I have concat multiple data sources and each data source has it's own unique columns based on the data source. I want to merge rows who match on a list of columns and keep all unique data sources in the same row.
Example:
df1 = pd.DataFrame({'SharedData': ['A', 'B', 'C', 'D', 'E'],
'df1Data': ['1', '2', '3', '4', '5']})
df2 = pd.DataFrame({'SharedData': ['D', 'E', 'F', 'G', 'H'],
'df2Data': ['4', '5', '6', '7', '8']})
newdf = pd.concat([df1,df2], axis=0, ignore_index=True)

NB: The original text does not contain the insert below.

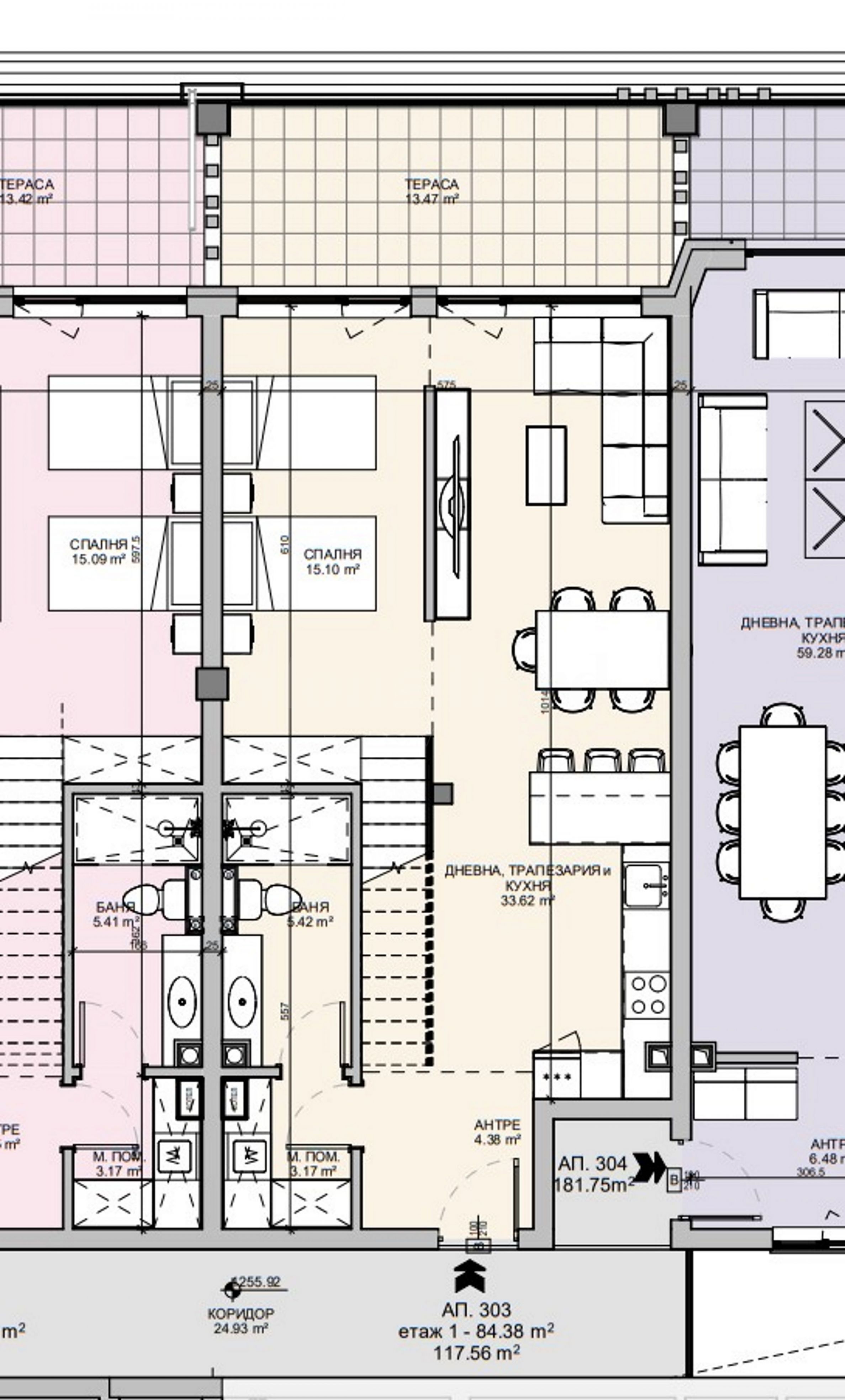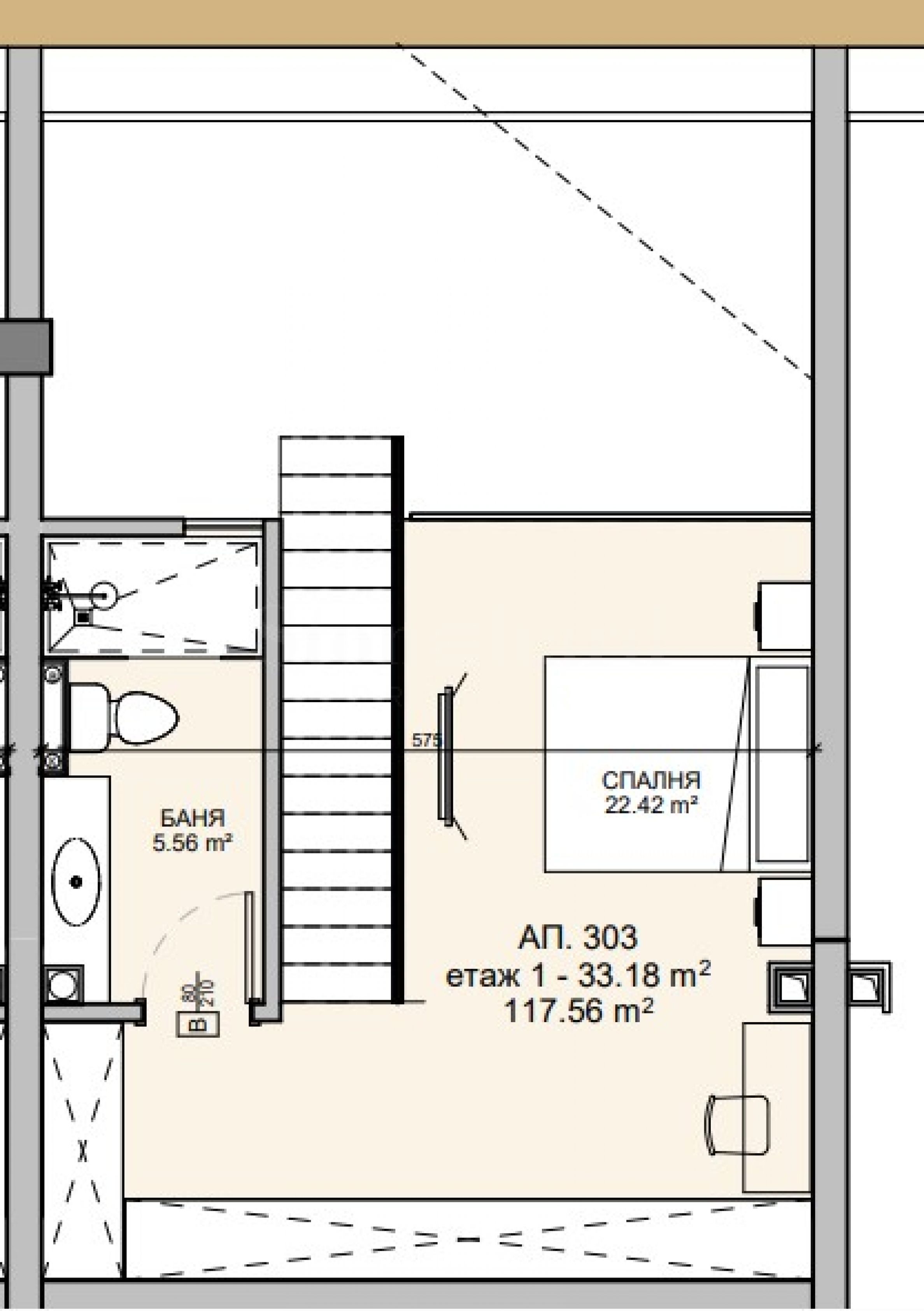 Квартира расположена на 3-м и 4-м этажах и имеет общую площадь 147,19 кв. м (чистая площадь 119,53 кв. м + общая площадь 27,66 кв. м). На первом этаже находятся прихожая, гостиная с кухонным уголком, спальня, ванная комната с туалетом и терраса, а на втором этаже — спальня и ванная комната с туалетом.

I need the resulting data set to go from before and after below.
Before Data Set:
SharedData | df1Data | df2Data |
---|---|---|
A | 1 | |
B | 2 | |
C | 3 | |
D | 4 | |
E | 5 | |
D | 4 | |
E | 5 | |
F | 6 | |
G | 7 | |
H | 8 |
After Data Set:
SharedData | df1Data | df2Data |
---|---|---|
A | 1 | |
B | 2 | |
C | 3 | |
D | 4 | 4 |
E | 5 | 5 |
F | 6 | |
G | 7 | |
H | 8 |
I need to deduplicate rows where SharedData matches, with a new row that contains all of the df specific data.